Varghese, who was the chief of the government hospital at Manjeri,
not far from Kottakkal. Varier had gone there to treat his eyes which
had been damaged from constant reading. Varghese took a liking for
Varier and invited him to stay and get an idea of Western medicine.
Varier accepted and spent three years. “He realised the
shortcomings of Ayurveda and the merits of allopathy,” says
Warrier. “So he set about bringing changes to Ayurveda.”
Varier,
a devout Hindu, was also a secularist. During the Moplah rebellion of
1921 (Muslims revolted against the British for a heavy-handed
crackdown by the latter on the Khilafat Movement, which was a
campaign in defence of the Ottoman Caliphate. However, in the latter
stages, it became a Hindu-Muslim conflict).
“During
that period every Hindu was an enemy of the Muslims and vice versa,”
says PK Warrier. “But Varier stood with the Muslims.
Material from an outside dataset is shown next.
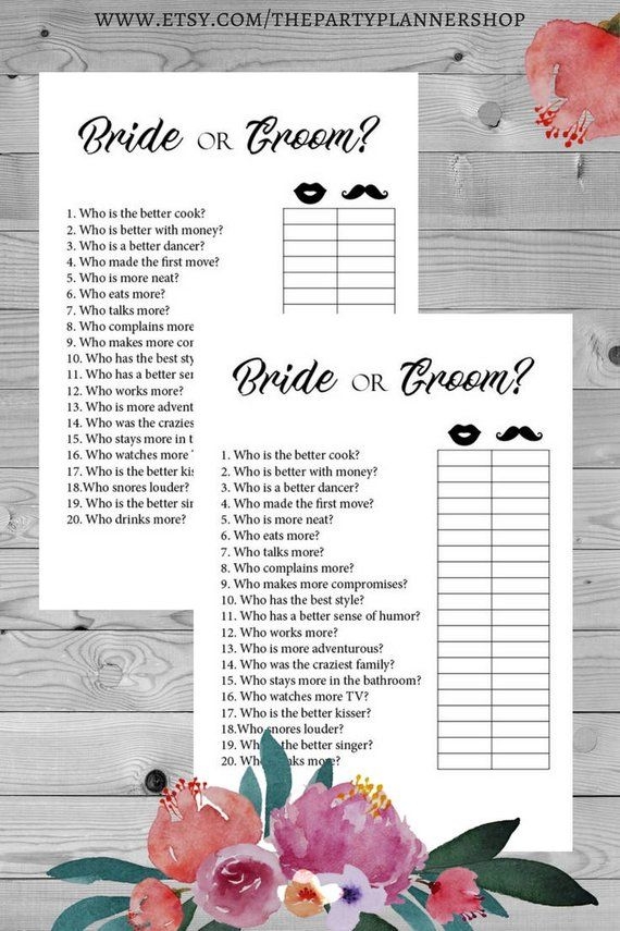 Bride Or Groom Wedding Game Printable Wedding Reception Game Etsy Free Wedding Game Printables

When a peace
committee called the Bharati Seva Sangh came from Bombay, Varier told
them, the rehabilitation works and distribution of food should be
extended to the Muslims, too.”
The
committee members including their head GK Devadhar were shocked to
hear this. “It was the first time a Hindu was speaking on behalf of
Muslims,” says Warrier. “At that time, all the male Muslims were
either killed or had absconded or deported to the Andaman Islands.
There were only women and children left. And they were very
frightened.”
When
Devadhar asked Varier why he was supporting the Muslims, he said,
“Hunger is the same in the stomach of a Muslim as well as a
Hindu.”
In
his home, at Kailasamandiram, in the centre of the archway above the
main gate is an image of Lord Krishna. On either side, on two pillars
are a Christian cross and the Muslim crescent. In an adjacent temple,
which had an idol of Lord Vishvambharan, people of all castes were
allowed to pray.
As
Vice President Naidu said, Varier was indeed a Renaissance man.